The other was a quotation in a Sunday newspaper from some man
who appeared to be a working physicist of the time—Edgar Lucien
Larkin:

"With the discovery and recent perfection of the new
ultra-violet light microscope and the companion apparatus, the
microphotographic camera, with rapidly moving, sensitive films, it
seems that the extreme limit of vision of the human eye has been
reached. Inorganic and organic particles have been seen, and these
so minute that (the smallest) objects visible in the most powerful
old-style instruments are as huge chunks in comparison. An active
microscopic universe as wonderful as the sidereal universe, the
stellar structure, has been revealed. This complexity actually
exists; but exploration has scarcely commenced.
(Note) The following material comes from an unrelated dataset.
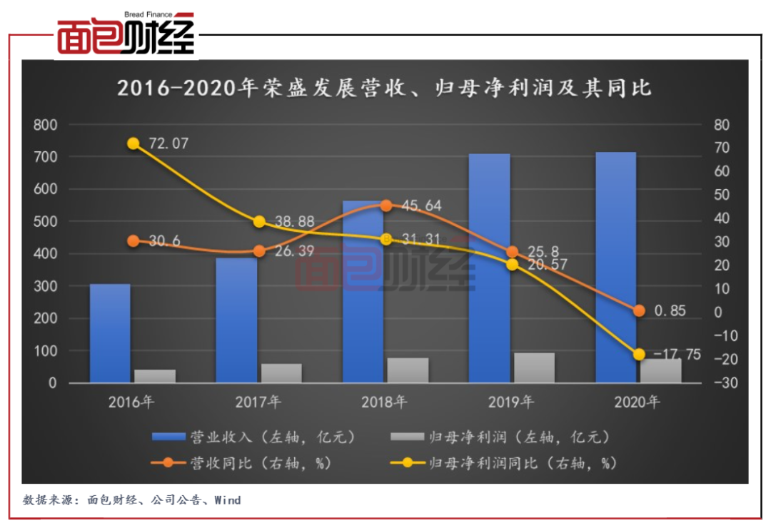 榮盛發(fā)展于近日發(fā)布2020年年報(bào)及2021年一季報(bào)。財(cái)報(bào)顯示,公司2020年實(shí)現(xiàn)營收715.11億元,同比僅增長(zhǎng)0.85%,營收增速自2018年以來持續(xù)放緩;實(shí)現(xiàn)歸母凈利潤(rùn)75.01億元,同比下降17.75%,近五年來首次轉(zhuǎn)負(fù)。

Within a hundred
years, devoted to this research, the micro-universe may be
partially understood. Laws of micro-movements may be detected and
published in textbooks like those of the gigantic universe suns and
their concentric planets and moons. I cannot look into these minute
moving and living deeps without instantly believing that they are
mental—every motion is controlled by mind. The longer I look at the
amazing things, the deeper is this conviction. This micro-universe
is rooted and grounded in a mental base. Positively and without
hope of overthrow, this assertion is made—the flying particles know
where to go. Coarse particles, those visible in old-time
microscopes, when suspended in liquids, were observed to be in
rapid motion, darting to all geometrical directions with high
speed. But the ultra-violet microscope reveals moving trillions of
far smaller bodies, and these rush on geometric lines and cutout
angles with the most incredible speed, specific for each kind and
type."

What were the angles? Eugene asked himself. Who made them? Who
or what arranged the geometric lines? The "Divine Mind" of Mrs.
Eddy? Had this woman really found the truth? He pondered this,
reading on, and then one day in a paper he came upon this
reflection in regard to the universe and its government by Alfred
Russel Wallace, which interested him as a proof that there might
be, as Jesus said and as Mrs. Eddy contended, a Divine Mind or
central thought in which there was no evil intent, but only good.
The quotation was: "Life is that power which, from air and water
and the substances dissolved therein, builds up organized and
highly complex structures possessing definite forms and functions;
these are presented in a continuous state of decay and repair by
internal circulation of fluids and gases; they reproduce their
like, go through various phases of youth, maturity and age, die and
quickly decompose into their constituent elements. They thus form
continuous series of similar individuals and so long as external
conditions render their existence possible seem to possess a
potential immortality.

"It is very necessary to presuppose some vast intelligence, some
pervading spirit, to explain the guidance of the lower forces in
accordance with the preordained system of evolution we see
prevailing. Nothing less will do… .

"If, however, we go as far as this, we must go further… . We
have a perfect right, on logical and scientific grounds, to see in
all the infinitely varied products of the animal and vegetable
kingdoms, which we alone can make use of, a preparation for
ourselves, to assist in our mental development, and to fit us for a
progressively higher state of existence as spiritual beings.

"… It seems only logical to assume that the vast, the infinite
chasm between ourselves and the Deity, is to some extent occupied
by an almost infinite series of grades of beings, each successive
grade having higher and higher powers in regard to the origination,
the development and the control of the universe.